Work task » Print exactly the lines that run from the one containing "选择刚创建的aggregat" to the final line of the data, both included, and print none of the pictures.

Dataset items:
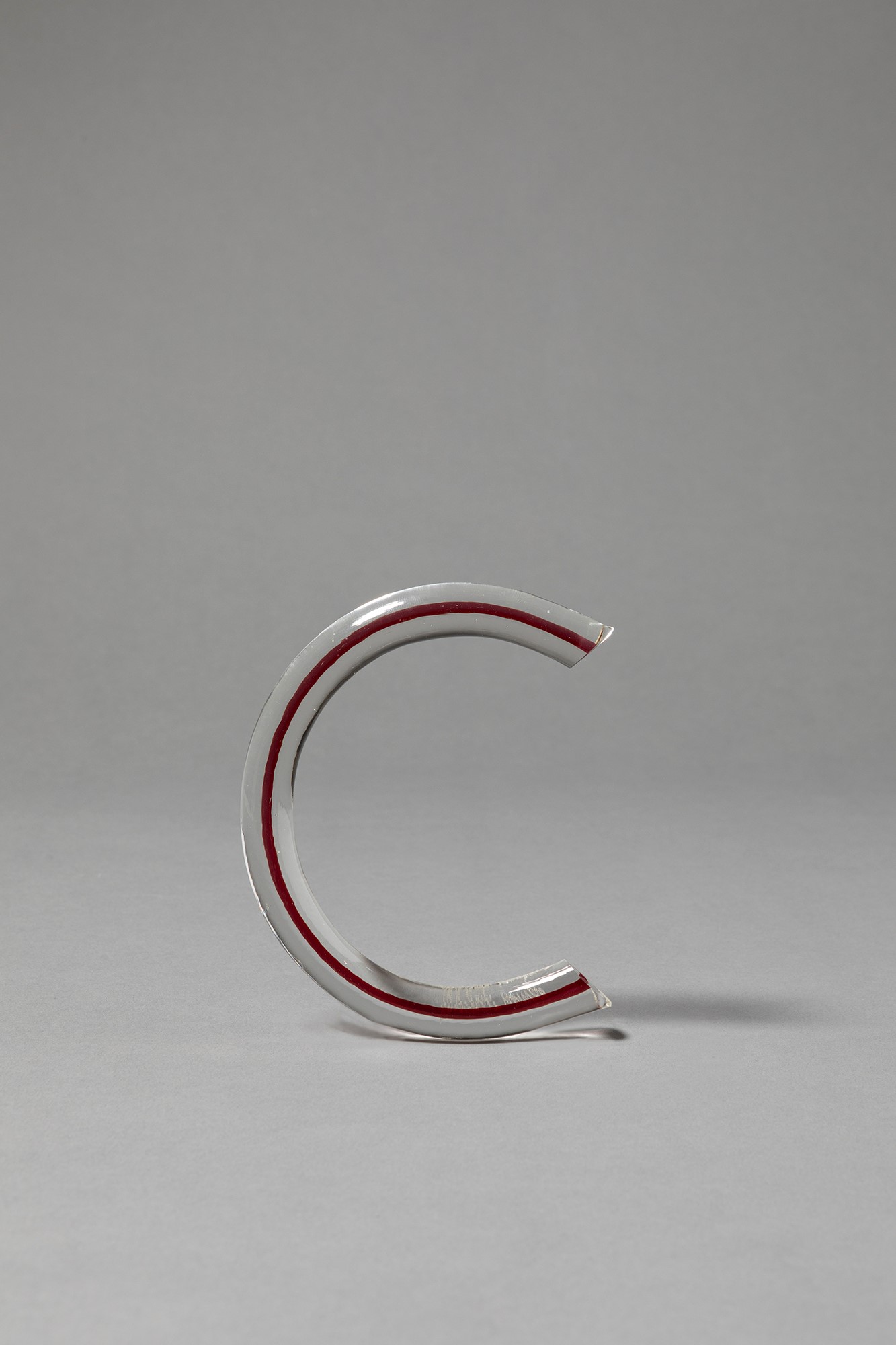 Massimo Vignelli - Lettera C della serie Neon. Canna in vetro soffiato trasparente curvata a caldo e impreziosita da un filo in vetro rosso sommerso. Serie 411.10.
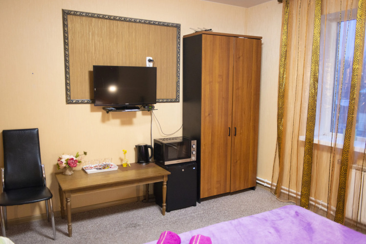 Номер уютно обставлен и оснащён необходимым, чтобы отдохнуть после долгого и насыщенного дня. Имеются телевизор и халат. Перечисленные услуги есть не во всех номерах.
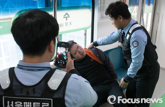 (서울=포커스뉴스) 28일 오후 서울 성동구 신설동행 열차 내에서 서울메트로 소속 지하철보안관들이 술에 취한 난동자를 제압하는 훈련을 하고 있다.
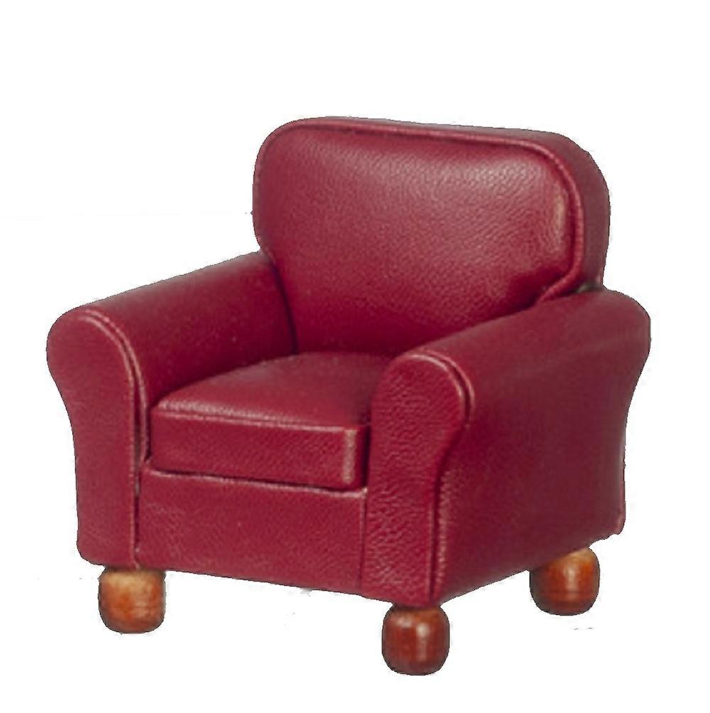 Dolls House Rs Burgundy Leather Armchair Arm Chair Living Room Furniture
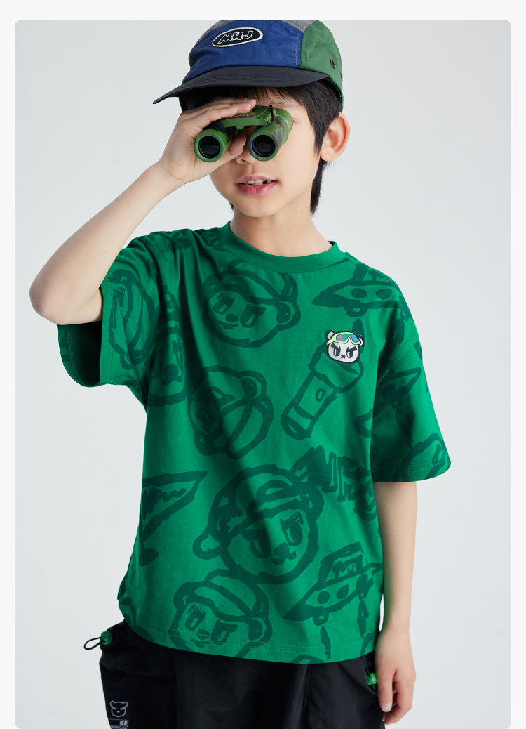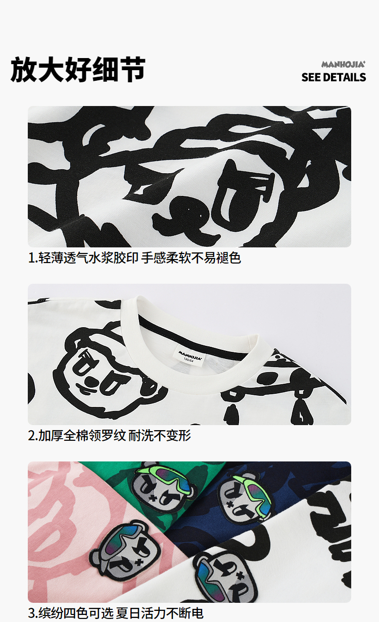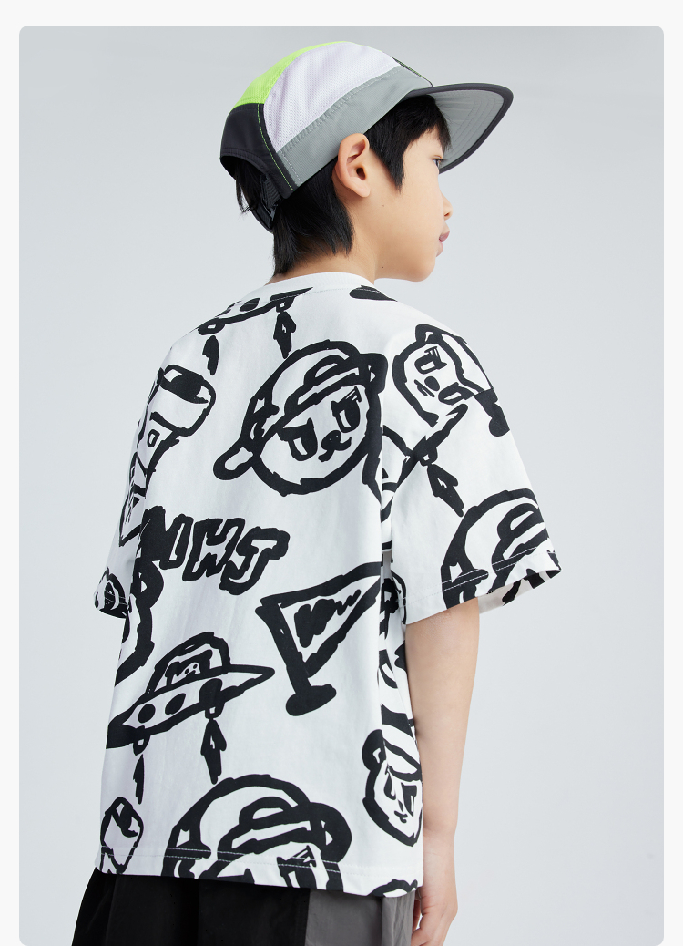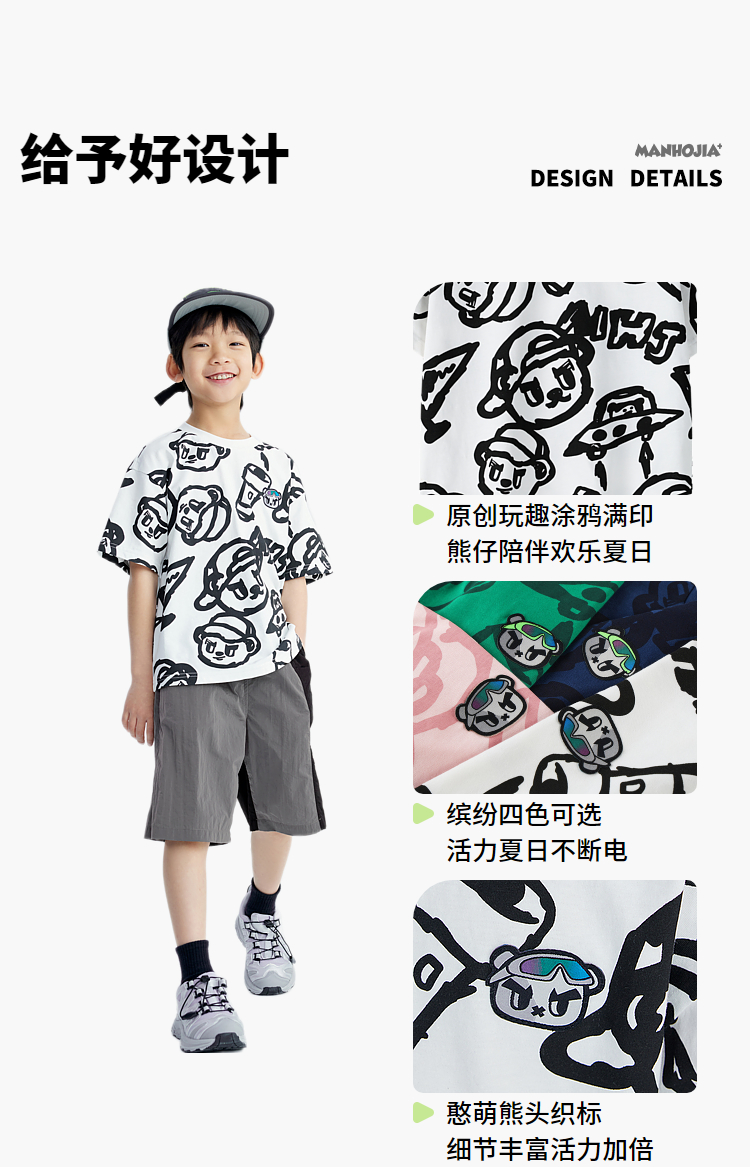漫画家潮童装HOHO熊原创趣味涂鸦夏季轻薄透气短袖T恤上衣男童
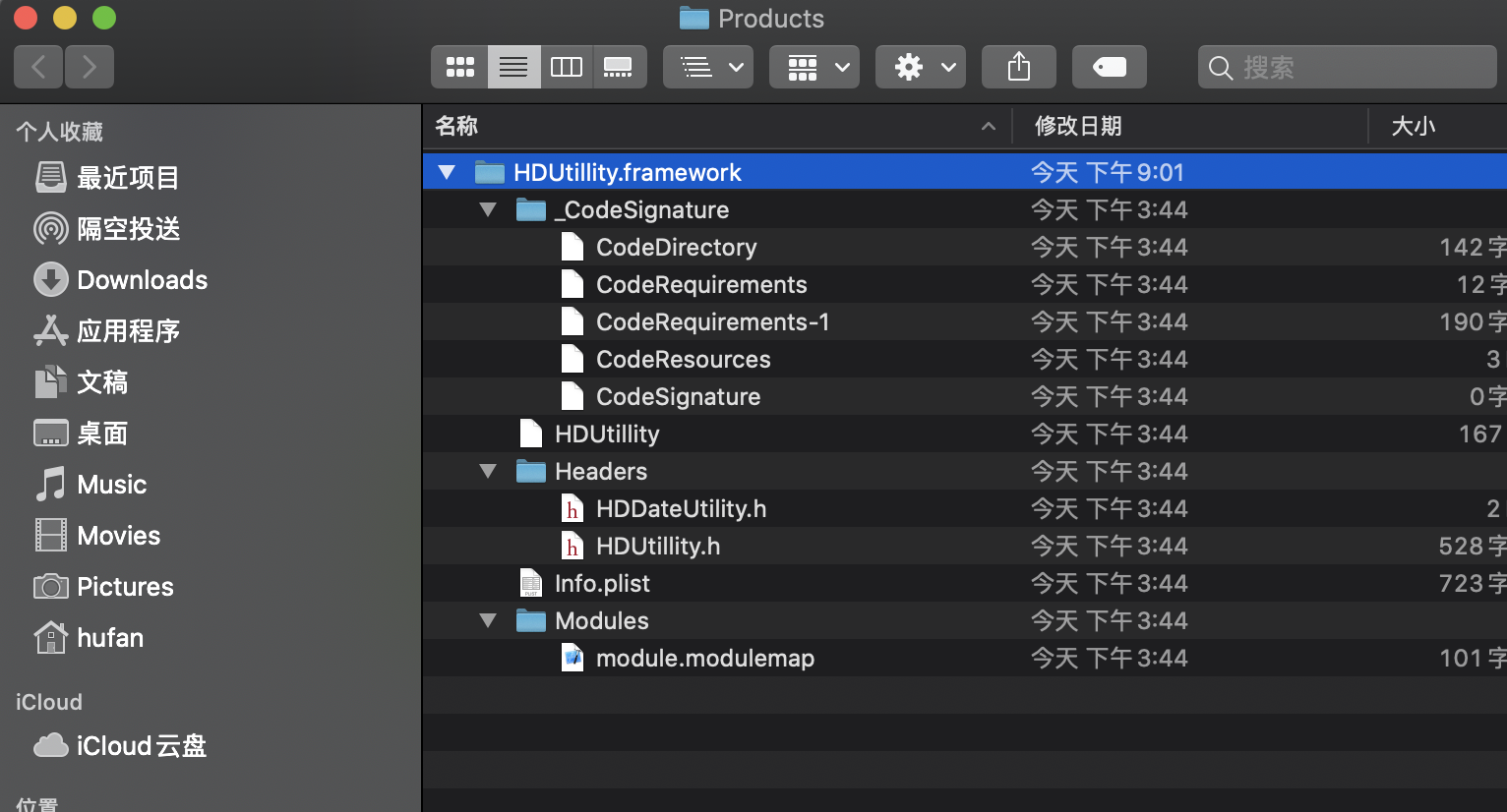 选择刚创建的aggregate,编译,cmd+B快捷键,就会跳出编译好的Framework文件,
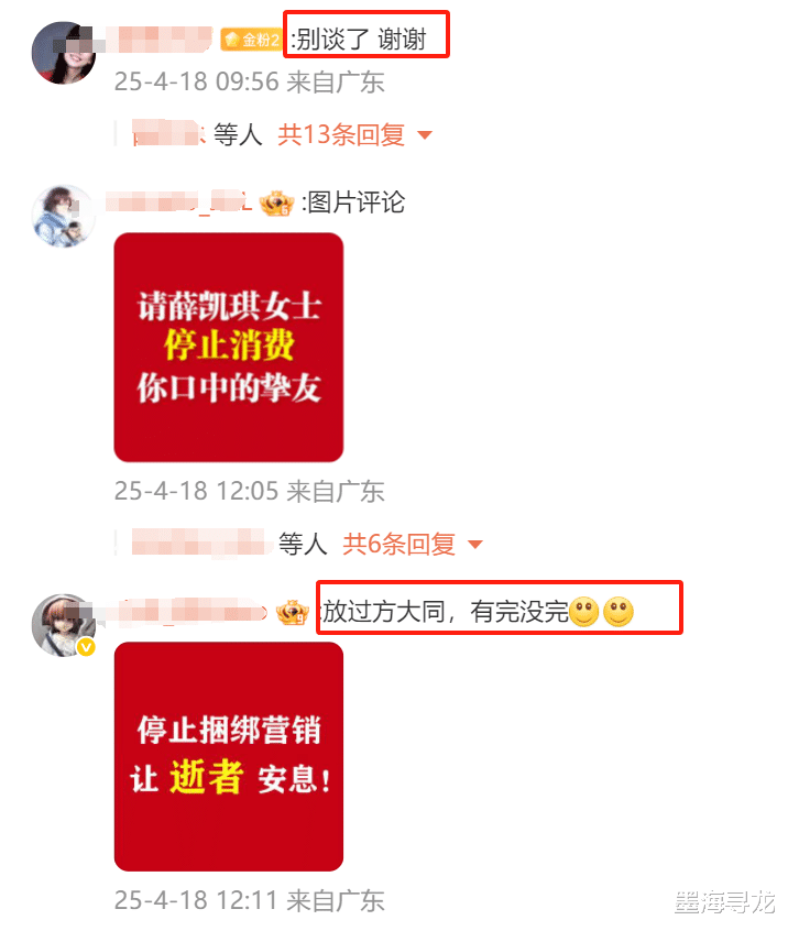 然而,这场情感袒露因时间节点的巧合引发争议——4月19日,她将在广州开启“Let Me Love You”巡回演唱会首站。所以网友质疑:“刚说完悲伤,转头就开演唱会,是否将朋友离世作为营销工具?”回顾从3月1日方大同去世至今,薛凯琪的“悲伤表演”已上演三次:音乐节落泪、演唱会失控、专访哭诉,且每次均精准卡在公众视野焦点时刻,也不知是否巧合,以至于这次话题上了热搜,大量网友都在评论区让薛凯琪别再消费方大同了,甚至还用图片强调“请薛女士停止悲伤表演”。
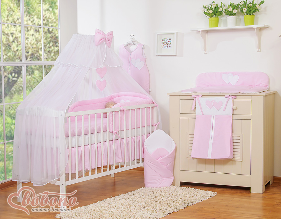 7-osainen vauvan vuodevaatesetti + katosverho - Leijuvat Sydämet Vaaleanpunainen Raidat
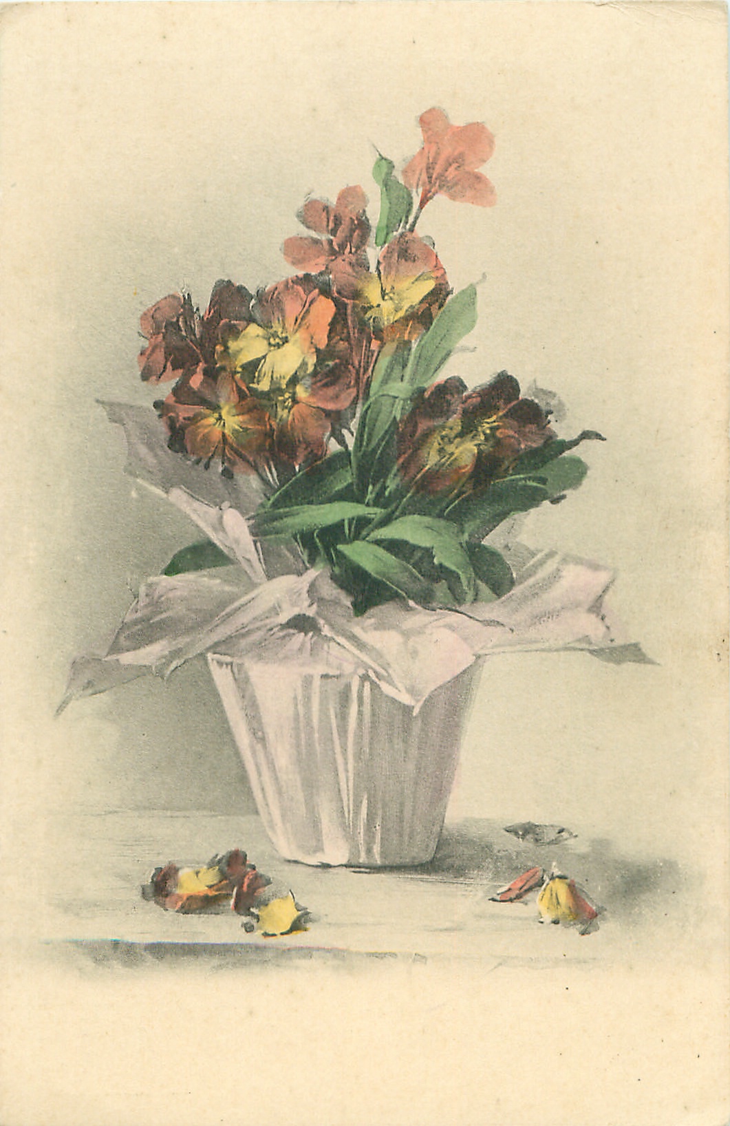 pot of multicoloured wallflowers, decorated & wrapped with light pink paper

Result of this exercise »
 选择刚创建的aggregate,编译,cmd+B快捷键,就会跳出编译好的Framework文件,
 然而,这场情感袒露因时间节点的巧合引发争议——4月19日,她将在广州开启“Let Me Love You”巡回演唱会首站。所以网友质疑:“刚说完悲伤,转头就开演唱会,是否将朋友离世作为营销工具?”回顾从3月1日方大同去世至今,薛凯琪的“悲伤表演”已上演三次:音乐节落泪、演唱会失控、专访哭诉,且每次均精准卡在公众视野焦点时刻,也不知是否巧合,以至于这次话题上了热搜,大量网友都在评论区让薛凯琪别再消费方大同了,甚至还用图片强调“请薛女士停止悲伤表演”。
 7-osainen vauvan vuodevaatesetti + katosverho - Leijuvat Sydämet Vaaleanpunainen Raidat
 pot of multicoloured wallflowers, decorated & wrapped with light pink paper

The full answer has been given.